John Hartford, died June 4th, 2001 after a 21-year battle with non-Hodgkin's
lymphoma. He was 63. In his 35-year Nashville career, he was a radio disc jockey, a
studio musician, a hit songwriter, a mainstream country up-and-comer, a Music Row rebel
and a television personality. He also was an avid amateur historian who collected archives
of material from favorite musicians and from the history of riverboats. He was a renowned
bluegrass and traditional musician who devotedly studied the work of his heroes and who
practiced meticulously with a metronome until the end of his life. He also was a gifted
raconteur, one whose loping Midwestern baritone could enthrall an audience either
speaking or singing.
Hartford is best known as the songwriter of Gentle On My Mind, a song that became a hit for Glen Campbell in 1967 and which went on to become one of the most
recorded and performed songs of all time. In addition to three Grammy Awards for that
song, Hartford earned a Grammy for his 1976 solo album Mark Twang. On his first
album, John Hartford Looks at Life, Johnny Cash contributed liner notes.
Gentle on My Mind, noted for its literary quality, was a modest hit for Hartford, but he didn't pursue the standard Nashville career long.

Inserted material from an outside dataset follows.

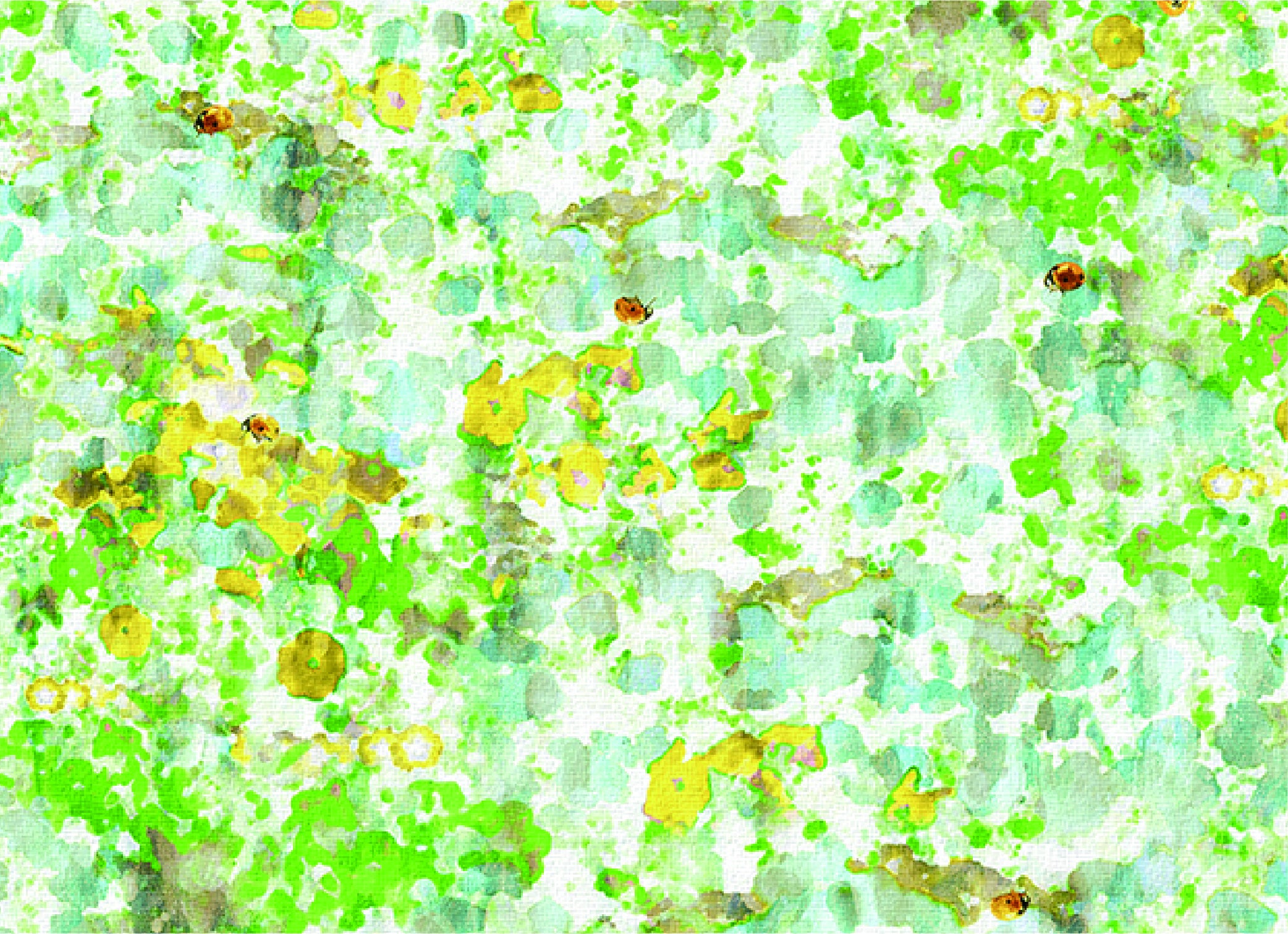 ゆらゆらと揺れている花や葉は、水の中の花畑を表現しています。てんとう虫などの昆虫もその世界に魅了され集まってきているイメージをデザインしています。

After Glen Campbell's
recording, the song was covered by Aretha Franklin, Elvis Presley, Dean Martin and
Tammy Wynette, as well as hundreds of others from all genres of pop music.
In his later years, Hartford proved to be a formidable music historian who
found endlessly creative ways to keep early country music relevant. His voice could be
heard in Ken Burns' television documentary series The Civil War. He has also written a
special for the Nashville Network, Banjos, Fiddles and Riverboats. The special stars
himself, Capt. Edgar Allen Poe and the almighty General Jackson riverboat. In May
1991, the Gasoline Alley comic strip featured Hartford in a storyline that paralleled that
of the children's book he wrote, Steamboat in a Cornfield.

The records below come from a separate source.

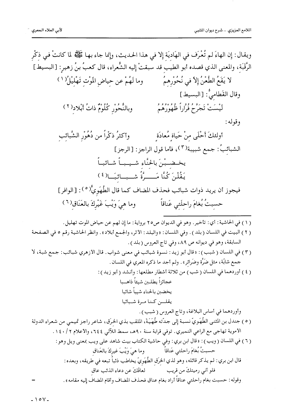 ويقال: إن الهاء لم تعرف في الهادية إلا في هذا الحديث, وإنما جاء بها صلى الله عليه وسلم لما كانت في ذكر الرقبة, والمعنى الذي قصده أبو الطيب قد سبقت إليه الشعراء, قال كعب بن زهيرٍ: [البسيط]
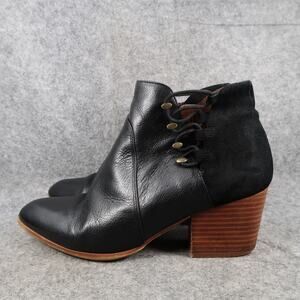 Aldo Shoes Womens 9 Ankle Boots Black Leather Bootis Block Heel Zip Almond Toe
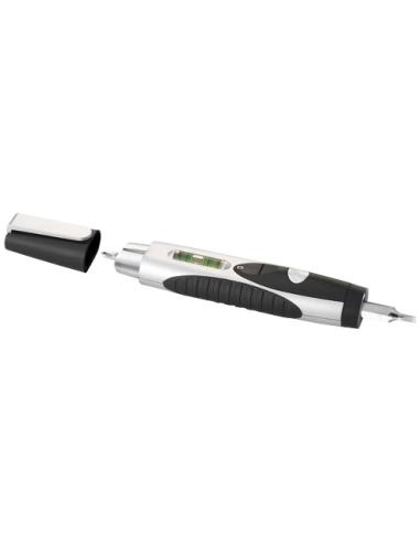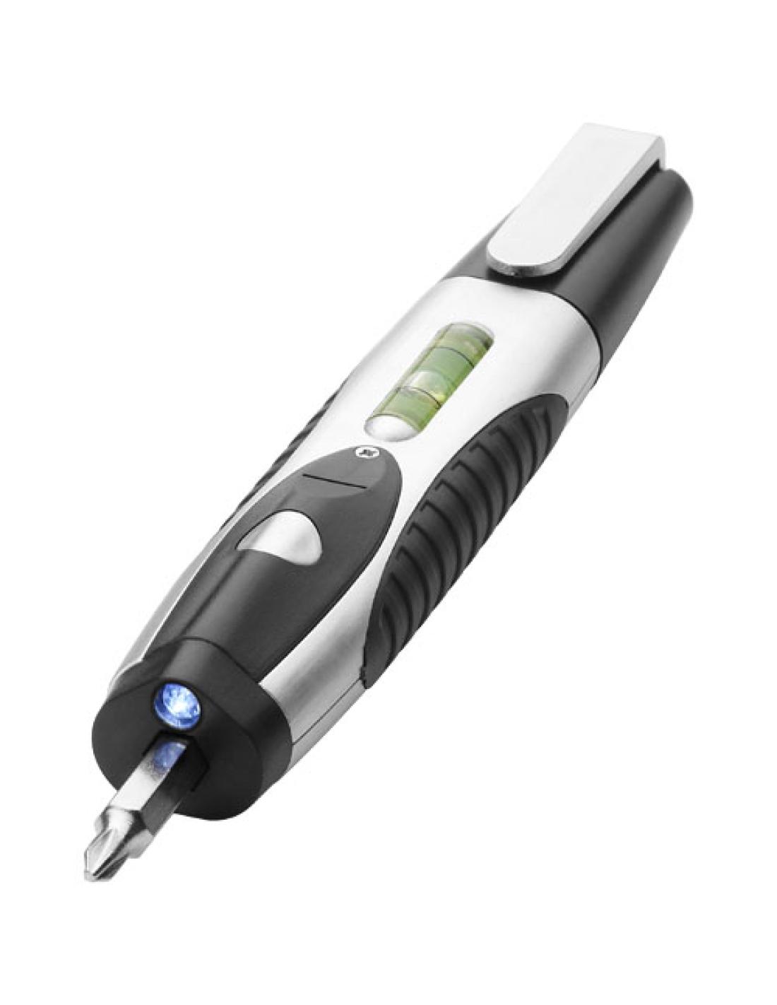 Un destornillador compacto con puntas de estrella grande y pequeña, puntas planas grande y pequeña y una luz LED con interruptor de encendido/apagado. Pila incluida.
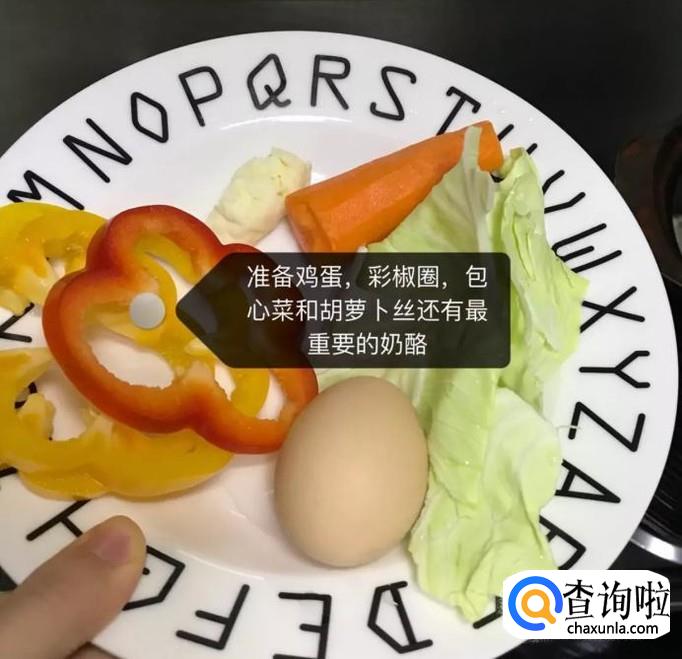 准备好要用到的鸡蛋、彩椒圈包、青菜和胡萝卜,还有重要的奶酪,如图所示。

One of his last concert appearances was filmed when D.A. Pennebaker shot
Down From The Mountain in April 2000, a concert tribute to the film O Brother,
Where Art Thou?, to which Hartford contributed.
The eccentric Hartford, played banjo, fiddle and guitar, always
sported a trademark derby hat and invented his own brand of soft-shoe shuffle dance.
He taught himself to play, sing and dance all at the same time and performed his music this
way. He did a one-man banjo, fiddle, guitar and soft shoe dance on a piece of amplified
plywood. He amplified it, so his feet would be his percussion. He loved for his audience
to dance and, space permitting, would call a square dance figure or two at the end of his
set.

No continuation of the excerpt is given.